Кто-то, балуясь, развлекался тем, что вел затейливый разговор с лесным звонким эхом:

– Кто съел плод с древа-а-а-а? – кричал молодой сильный бас. И откуда-то издали удивительный голос природы, не задумываясь, отвечал, чуть раскатывая повторенные гласные:

– Ева-а-а…

Шерстобитов сказал Большакову:

– А спросить бы еще: кто из нас дошагает до Шпрее? И когда? Я, быть может, полжизни бы отдал за этот секрет.

А Сергей усмехнулся с привычной иронией.

– Не ответит. Военная тайна!

И они постояли, разглядывая из-за кустарников купающихся, бегающих и прыгающих бойцов, отдыхавших на солнце, как в мирное время, бездумно, спокойно.

– А пошли, Мптрофаныч, и мы с тобой тоже купнемся, – предложил вдруг Сергей и взял Шерстобитова за рукав, потянул было к речке.

– Нет, я не пойду, – отшатнулся полковник. – Я вообще туда, вниз, не пойду. Пусть ребята резвятся. Зачем им мешать?

– Ну а я искупаюсь.

– Купайся, добро.

И Сергей повернулся, с разгона помчался к реке.

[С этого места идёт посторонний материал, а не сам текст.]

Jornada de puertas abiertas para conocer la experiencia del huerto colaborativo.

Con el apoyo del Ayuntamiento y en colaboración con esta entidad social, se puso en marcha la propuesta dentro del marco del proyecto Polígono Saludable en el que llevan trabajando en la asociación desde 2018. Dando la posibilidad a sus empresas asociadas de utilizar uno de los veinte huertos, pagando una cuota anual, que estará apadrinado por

А полковник кивнул адъютанту, чтобы тот промолчал и не подал бы знака о его командирском присутствии здесь, на лугу; повернулся и скрылся в неряшливо-сером ольшанике. Ведь пройди он по берегу – враз движение этих скачущих тел, просто так, без команды, и то остановится, все замрет, потускнеет. Даже тот лейтенантик, что одетый сидит под ракитой, задумчивый, и стругает красивую палочку ножичком, тоже вскочит немедля, застегнет воротник и, печатая шаг по траве, заспешит доложить о своей отдыхающей роте… И хотя Шерстобитов тотчас же прикажет: «Вольно, вольно!» – потому что во время купания не докладывают и команд сторожащихся не подают – все равно так случится, он-то знает!

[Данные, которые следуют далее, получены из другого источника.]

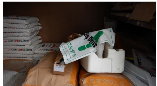
「外来者の着替えと一緒に準備してある農場用フロアマット」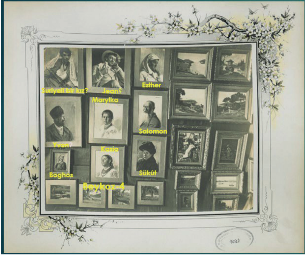
Görsel 11: 1903 Salonu'nda Joseph Warnia-Zarzecki'nin resimleri, İstanbul Üniversitesi Nadir Eserler Kütüphanesi Yıldız Albümleri 90527/10 19

Joseph Warnia-Zarzecki'nin 1903 Salon sergisinde yer alan resimleri, 179-191 arasına numaralandırılmış olup başlıkları şöyledir (Görsel 11): “Boghos” (Boğos), “Jean”, “Yvon”, “Salomon”, “Esther”, “Marylka” (Marika), “Kasia”, “Suriyeli Bir Kız”, “Sükût” ve dört tane “Beykoz” etüdü. Bu sergiyle ilgili olarak yerel basında yine Celal bin Esad (Celal Esad Arseven) imzalı bir yazı, 11 Haziran 1903 tarihli Malumat mecmuasının 388. sayısında yayınlanmış; yazar, J. Warnia-Zarzecki'nin resimlerini, özellikle başlıkları açısından eleştirmiş ve bunu başka örnekler vererek açıklamaya çalışmıştır. Söyledikleri kısım şöyledir: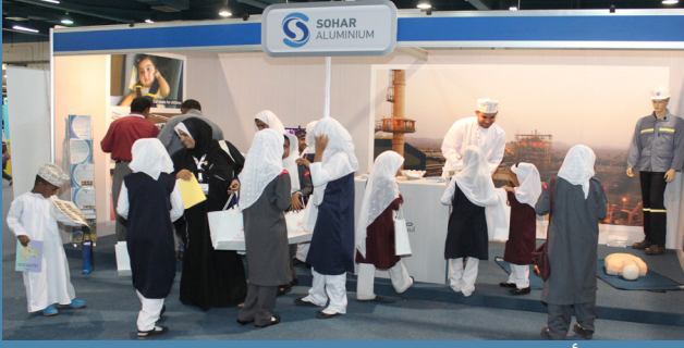
صحار ألنيوم تشارك في معرض السلامة المرورية ٢٠١٣م SA participates in ROP Traffic Safety Expo 2013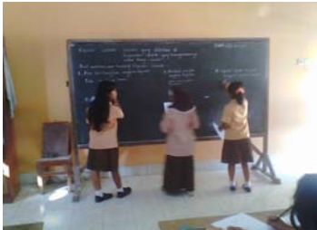
Siswa yang menyampaikan hasilnya.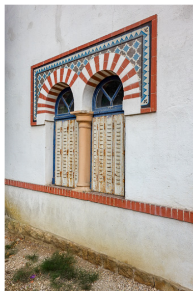
Élévation du pavillon du gardien, baies jumelées du rez-de-chaussée. IVR26_20192100103NUC2A

«Веселитесь, ребята, – разрешил им в душе Шерстобитов. – Резвитесь! Значит, есть еще сила солдатская, богатырская, коли тянет побегать, попрыгать, поиграть в чехарду. Я и сам бы, наверное, не отказался, да вот надо идти… Ничего не поделаешь, служба!» И он с Венькой свернул из ольхи и крушинника еще дальше, в чащобу, все поглядывая с затаенной улыбкой на небо, на солнце, на красивые, крупно присобранные гроздья цветущей калины, на мелькающие перед глазами желтоватые, белые, голубые и розовые мотыльки, на ажурную тень от разлапистых елей и сосен. Здесь был терпкий, слегка душноватый, влажный зной. Пахло хвоей, землей. И полковник, задумавшийся на минуту, не понял, как что-то далекое тихо присвистнуло, прожужжало над ухом. Он решил, это шмель, но запнулся на ровной тропинке, все еще не догадываясь, что не шмель это, пуля «кукушки», засевшей на дереве, что убит, умирает… – и упал на коряжистый пень при дороге, показав лейтенанту Двойных на спине, на пятнистой, защитного цвета рубахе, словно шилом проткнутое, входное отверстие раны. Крови не было, и Двойных в онеменье стоял, растерявшись, не зная, что делать: все в нем обмерло. Только лишь когда по рубахе поплыли пунцовые влажные пятна, он вдруг вскрикнул от ужаса, и упал на еще теплое тело командира дивизии, и бессильно и горько забился, заплакал.

5

– Так ты, значит, историк? А я мечтал видеть в тебе военного, генерала, – опершись на здоровую руку, говорил чуть подпивший Тышкевич. – Ну хотя бы военного теоретика. Ты же как нас тогда посрамлял своим знанием Суворова, Мольтке, Клаузевица, наполеоновских походов! Я и думал: возьмешь и спланируешь так, что не будет войны. Вовек. Никогда. На всем нашем вертящемся шарике… А ты – просто историк… Беда, брат, беда! Историк что писарь. Убытки и протори подсчитал – и конец. А вы, люди, мол, сами идите и разбирайтесь, что к чему.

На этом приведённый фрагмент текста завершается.